Phi-3.5 MoE system requirements?

Phi-3.5 MoE requires a powerful GPU with at least 24.1 GB of VRAM, 64 GB of RAM, and a multi-core CPU to run efficiently.

Phi-3.5 MoE performance benchmark?

Performance benchmarks for Phi-3.5 MoE show it can process around 10-20 tokens per second on a high-end GPU like the NVIDIA A100, depending on the specific task and quantization level.

Phi-3.5 MoE for RAG?

Phi-3.5 MoE is suitable for Retrieval-Augmented Generation (RAG) tasks due to its large context length and strong reasoning capabilities, making it effective for integrating external information.

Phi-3.5 MoE for agents?

Phi-3.5 MoE can be used to create intelligent agents that require advanced natural language understanding and reasoning, thanks to its large model size and context length.

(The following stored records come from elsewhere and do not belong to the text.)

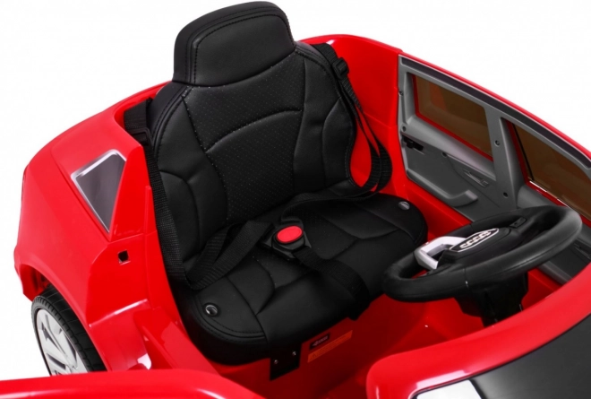 De luxe zwarte zitting van eco-leer biedt veiligheidsgordels voor maximale veiligheid. Het audiopaneel met MP3-speler, sleuf voor SD-kaarten en voorgeprogrammeerde melodieën zorgt voor entertainment onderweg.
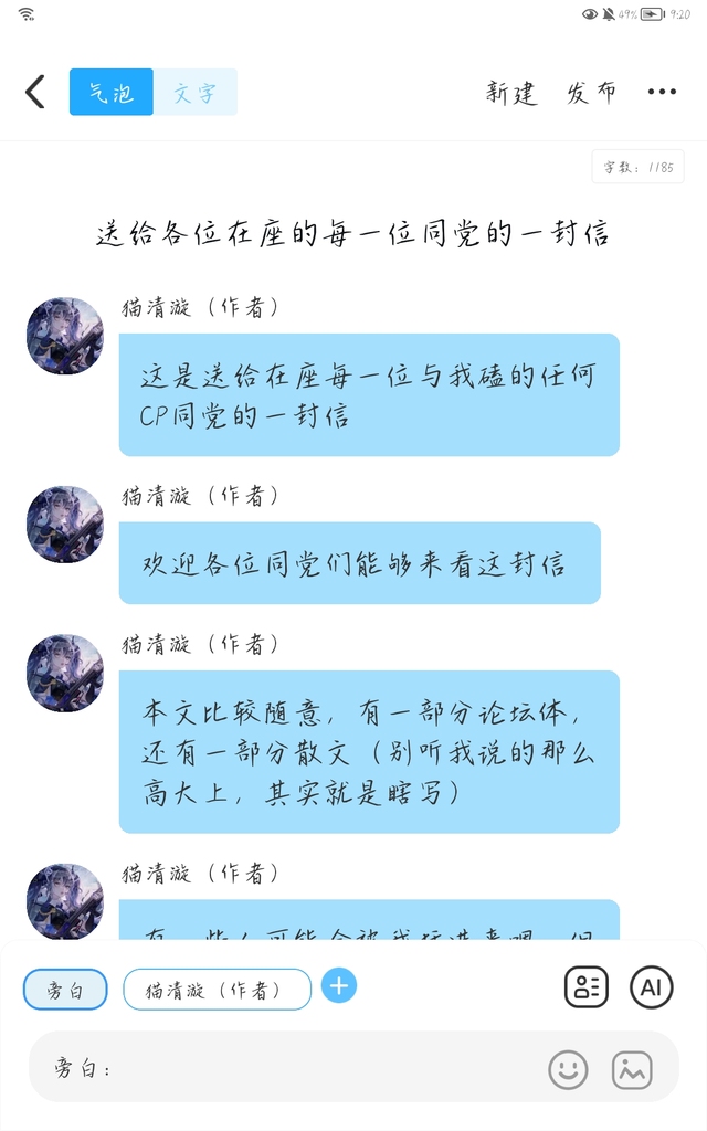 猫清漩(作者)番外里面给你们写了一封信,可以去看看
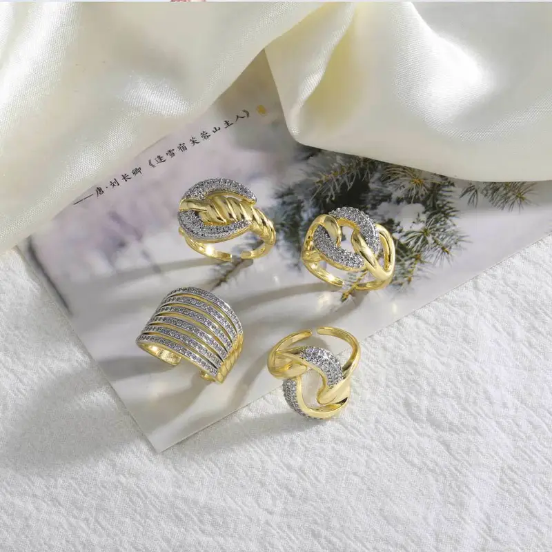 خاتم سماء مرصعة بالنجوم بتصميم نيتش نسائي، خاتم زوجين مليئ بالزركون، خاتم أنثوي عصري رائع بإصبع السبابة
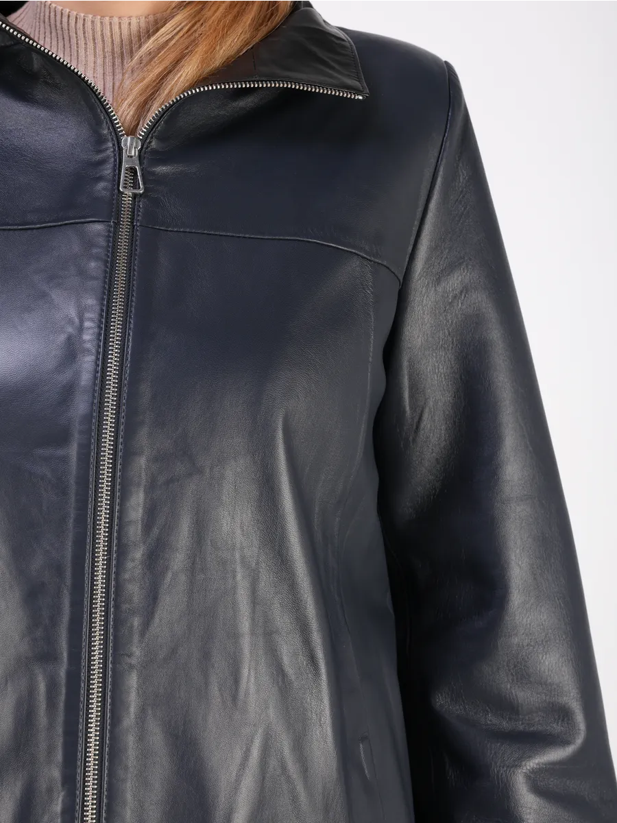 Каждая деталь этой кожаной куртки лето - весна выполнена с особым вниманием к качеству. Прорезные карманы по бокам и гладкая кожа добавляют акценты стиля и функциональности, делают эту удлиненную женскую куртку универсальным элементом гардероба, который подходит практически под любой стиль, деловой или повседневный. Свободный оверсайз крой, втачной объемный рукав и застежка на молнии обеспечивают этой демисезонной куртке комфорт и свободу движений.

Phi-3.5 MoE for coding vs general?

Phi-3.5 MoE excels in both coding and general tasks, but its large context length and strong reasoning make it particularly well-suited for complex coding scenarios.

Phi-3.5 MoE vs ChatGPT?

Phi-3.5 MoE has a larger context length (131,072 tokens) and more parameters (41.9B) compared to ChatGPT, potentially offering better performance in tasks requiring extensive context and reasoning.

Phi-3.5 MoE download size?

The download size for Phi-3.5 MoE varies depending on the quantization level, but it typically ranges from 15 GB to 30 GB.

Best quant for Phi-3.5 MoE?

The best quantization for Phi-3.5 MoE depends on your specific needs, but 8-bit quantization is often a good balance between performance and memory efficiency.